1.8. Given the wide range of different organisations categorised under Business / Industry and Network / Professional / Trade, additional sub-categories were applied to these two categories and the second column shows the numbers of responses to the draft Energy Strategy in each analysis category and sub-category; these are the categories that are referred to throughout this report.

1.9. Breaking down the sample into different sub-groups enables the analysis to reflect the wide range and depth of views expressed by respondents at both an overall and sub-group level. This also allows for themes and sub-themes to be identified across the consultation as a whole and at individual questions, as well as highlighting any instances of consensus or disagreement between different sub-groups.


1.10. Responses to the consultation were submitted using the Scottish Government consultation platform Citizen Space or by email or hard copy.

1.11. It should be borne in mind that the number responding at each question is not always the same as the number presented in the respondent group table. This is because not all respondents addressed all questions; some commented only on those questions or sections of relevance to their organisation, sector or field of interest. The report indicates the number that commented at each question.

1.12. Many respondents did not use the consultation questionnaire and, instead, presented their views in a report or letter format. Wherever possible, researchers assigned relevant sections of these documents to the relevant questions in order that all comments on similar issues could be analysed together.

1.13. Comments made by respondents were examined and the range of issues mentioned in responses were noted; including reasons for opinions, specific examples or explanations, alternative suggestions or other related comments. Grouping these issues together into similar themes allowed the researchers to identify whether any theme was specific to any respondent sub-group or groups.

1.14. Wherever a particular comment came from respondents in one or two specific sub-groups, this has been highlighted. Where no sub-groups are mentioned, it can be assumed that the comment was noted in responses from several different groups. When looking at group differences however, it must be also borne in mind that where a specific opinion has been identified in relation to a particular group or groups, this does not indicate that other groups did not share this opinion, but rather that they simply did not comment on that particular point.

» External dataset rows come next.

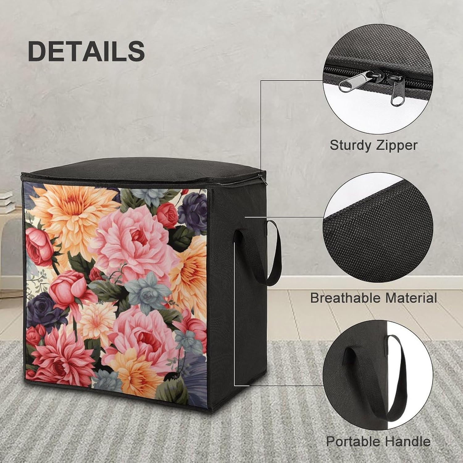 The Flower Pattern printed Large quilt storage bag fit easily into closets or shelves, and are powerful enough to hold your daily items, protecting your stored items from moisture, dust and damage, keeping them fresh and clean Bedroom storage bags can also be used to store seasonal and Christmas decorations, making them a suitable Christmas gift for family and friends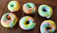 会員のNさんが作ったベーグルです。 生地のつくり方はいつも通りですが、捏ね上げた生地を分割し、それぞれに異なる嫡子色をして組み合わせたものです。 まさに、7色のレインボーパンです。
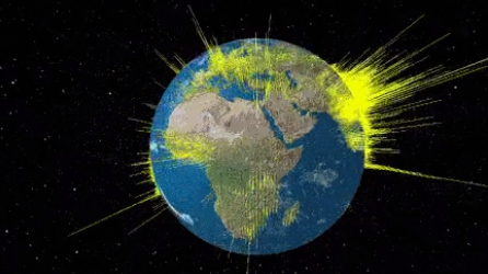 صورة متحركة للكرة الأرضية توضح عدد سكان كل دولة بالرسم البياني، كلما طال اللون الأصفر كان عدد السكان أكثر..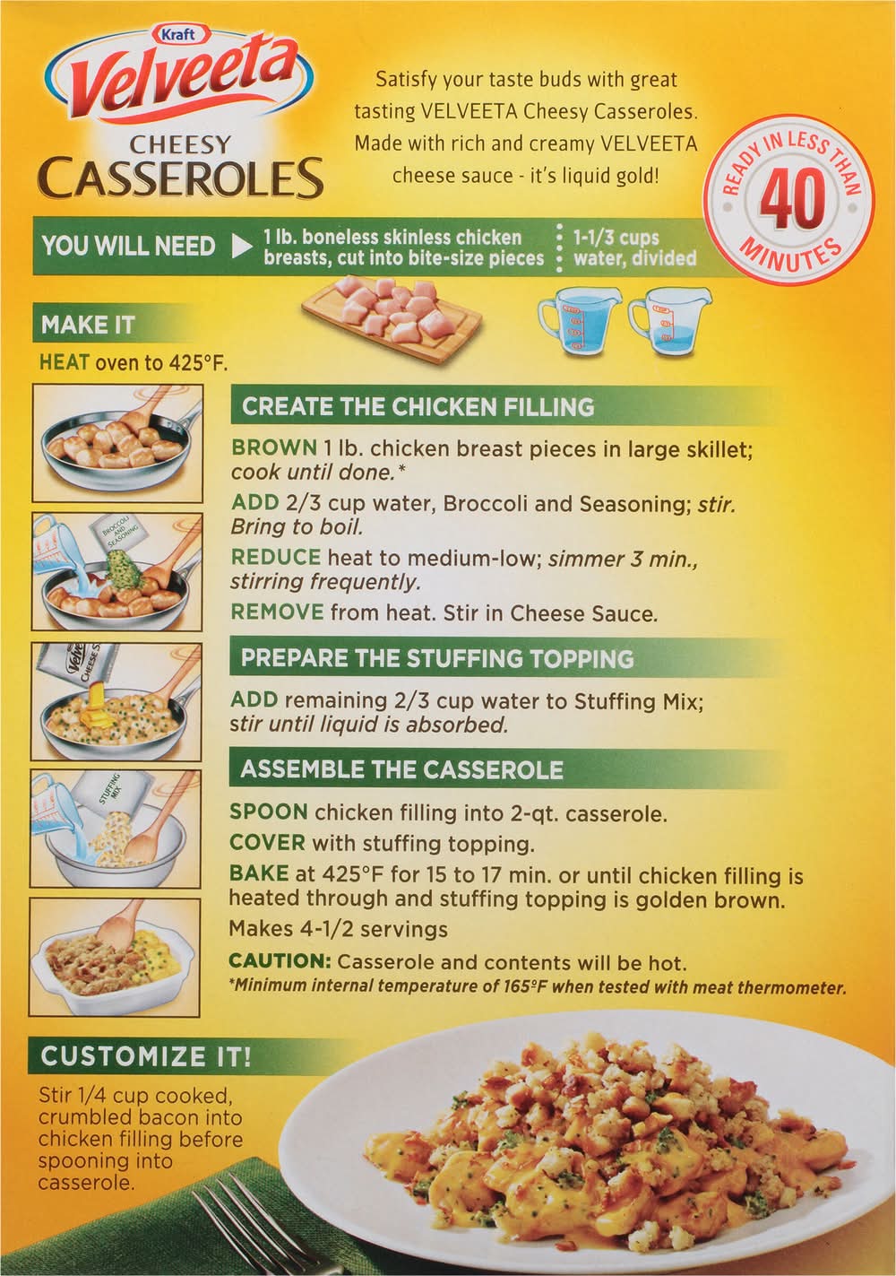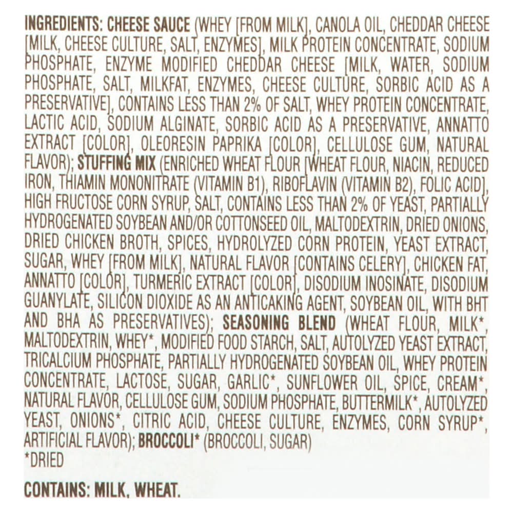 Cheese Sauce (Whey [from Milk], Canola Oil, Cheddar Cheese [Milk, Cheese Culture, Salt, Enzymes], Milk Protein Concentrate, Sodium Phosphate, Enzyme Modified Cheddar Cheese [Milk, Water, Sodium Phosphate, Salt, Milkfat, Enzymes, Cheese Culture, Sorbic Acid as a Preservative], Contains Less than 2% of Salt, Whey Protein Concentrate, Lactic Acid, Sodium Alginate, Sorbic Acid as a Preservative, Annatto Extract [Color], Oleoresin Paprika [Color], Cellulose Gum, Natural Flavor); Stuffing Mix (Enriched Wheat Flour [Wheat Flour, Niacin, Reduced Iron, Thiamin Mononitrate (Vitamin B1), Riboflavin (Vitamin B2), Folic Acid], High Fructose Corn Syrup, Salt, Contains Less than 2% of Yeast, Partially Hydrogenated Soybean and/or Cottonseed Oil, Maltodextrin, Dried Onions, Dried Chicken Broth, Spices, Hydrolyzed Corn Protein, Yeast Extract, Sugar, Whey [from Milk], Natural Flavor [Contains Celery], Chicken Fat, Annatto [Color], Turmeric Extract [Color], Disodium Inosinate, Disodium Guanylate, Silicon Dioxide as an Anticaking Agent, Soybean Oil, with BHT and BHA as Preservatives); Seasoning Blend (Wheat Flour, Milk*, Maltodextrin, Whey*, Modified Food Starch, Salt, Autolyzed Yeast Extract, Tricalcium Phosphate, Partially Hydrogenated Soybean Oil, Whey Protein Concentrate, Lactose, Sugar, Garlic*, Sunflower Oil, Spice, Cream*, Yeast, Onions*, Citric Acid, Cheese Culture, Enzymes, Corn Syrup*, Artificial Flavor); Broccoli*, (Broccoli, Sugar). * Dried Contains: Milk, Wheat, Lactose, Celery, Soybeans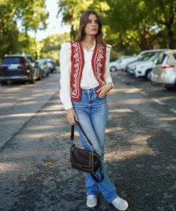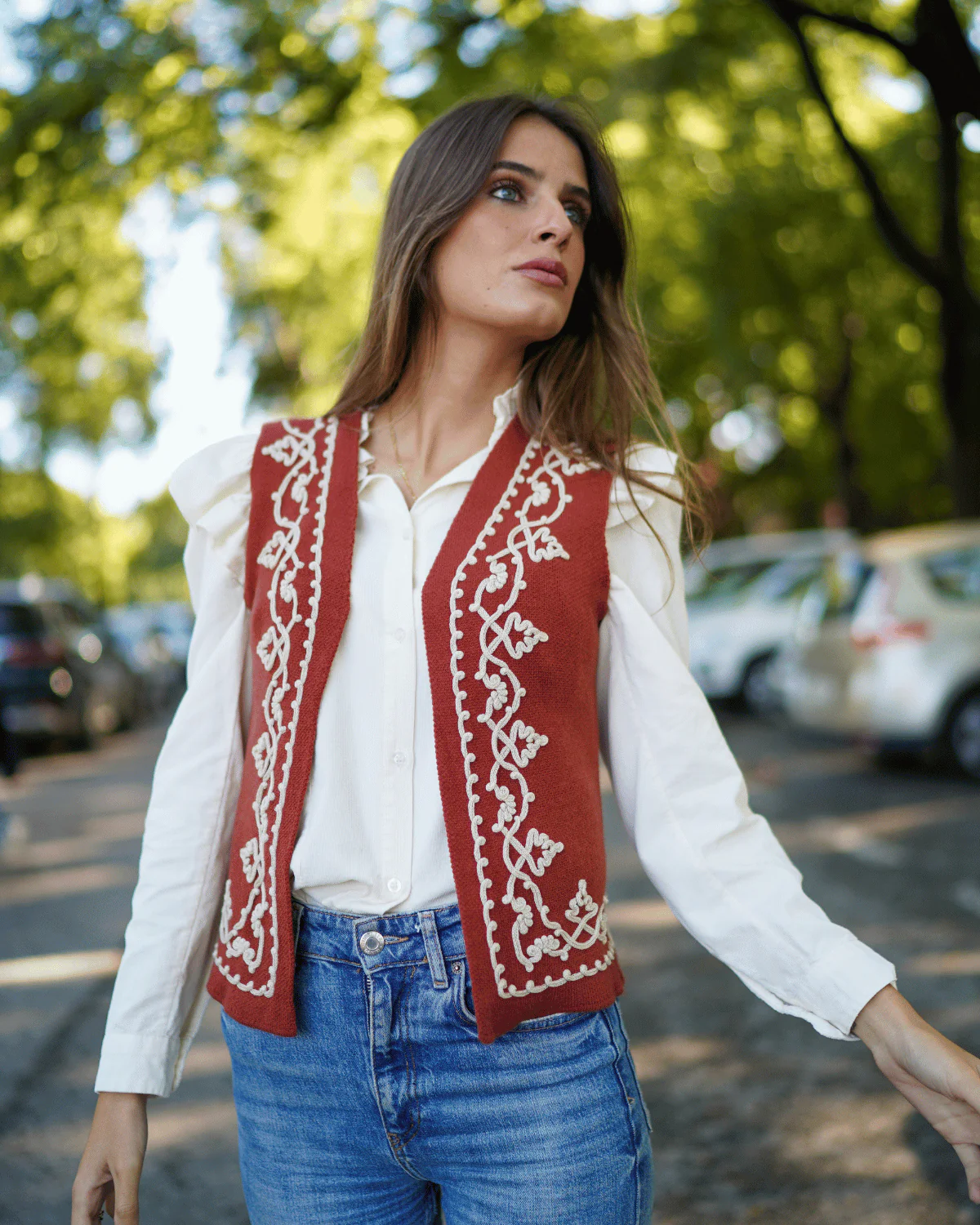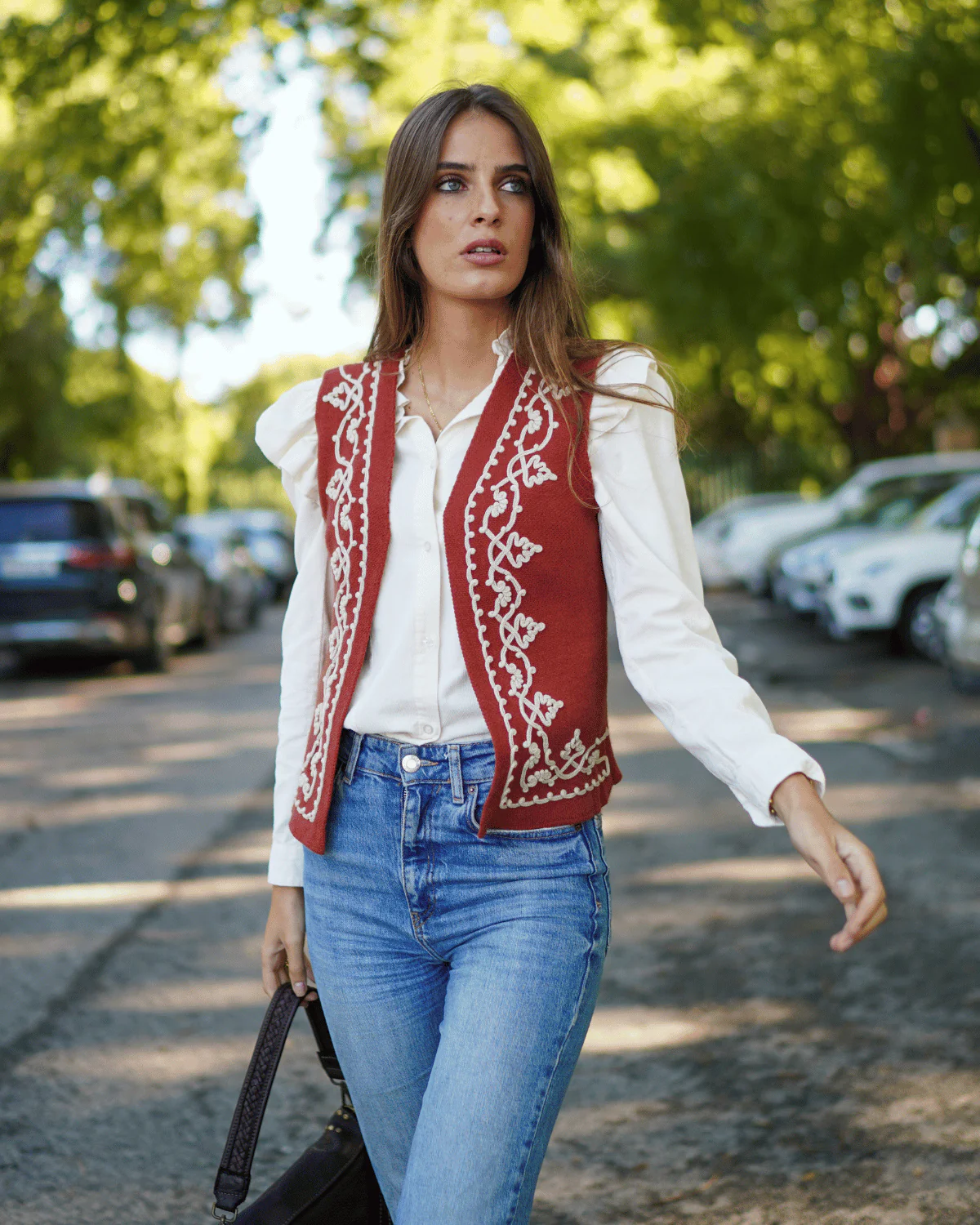 - Chaleco de punto muy gustoso abierto con detalle de bordados.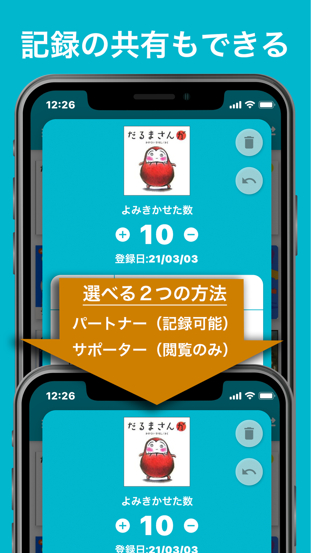 2つの共有方法があります。1つは「パートナー」で、読み聞かせ記録の編集や新しいユーザーの招待が可能です。2つめは「サポーター」で、絵本の読み聞かせ記録を閲覧のみ可能です。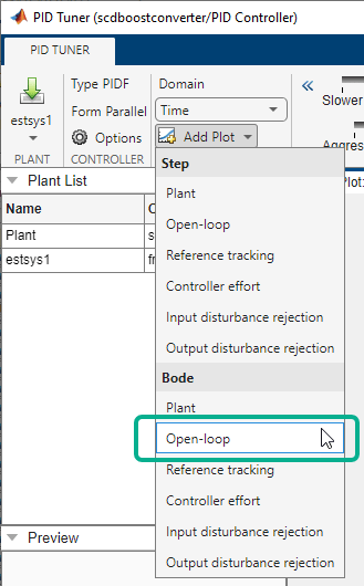 Since you are using an estimated frequency response, PID Tuner cannot plot a step response. To view the frequency response, click Add Plot, and under Bode, click Open-loop.

1.15. When referring to respondents who made particular comments, the terms 'a small number', 'several' and so on have been used. While the analysis was qualitative in nature, as the questionnaire did not include any quantifiable questions, as a very general rule of thumb it can be assumed that: 'a small number' indicates fewer than 10 respondents; 'several' indicates around 10 to 20; and 'many' indicates over 20 but fewer than half of those who commented at any question.

1.16. While the consultation gave all who wished to comment an opportunity to do so, given the self-selecting nature of this type of exercise, any figures quoted here cannot be extrapolated to a wider population outwith the respondent sample.

1.17. The views presented in this analysis have not been vetted in any way for factual accuracy. The opinions and comments submitted to the consultation may be based on fact or may, indeed, be based on what respondents perceive to be accurate, but which others may interpret differently. It is important for the analysis to represent views from all perspectives. The report may, therefore, contain analysis of responses which may be factually inaccurate or based on misunderstanding or misinformation but nevertheless reflect strongly held views. In some instances, such inaccuracies and misunderstandings will be relevant findings in themselves.

1.18. A small number of verbatim comments, from those who gave permission for their responses to be made public, have been used in the report to illustrate themes or to provide extra detail for some specific points.

1.19. Throughout the analysis a number of cross cutting themes were identified by respondents. Where these points have been noted at various questions in the responses, they are referenced and discussed in the final chapter in order to avoid repetition.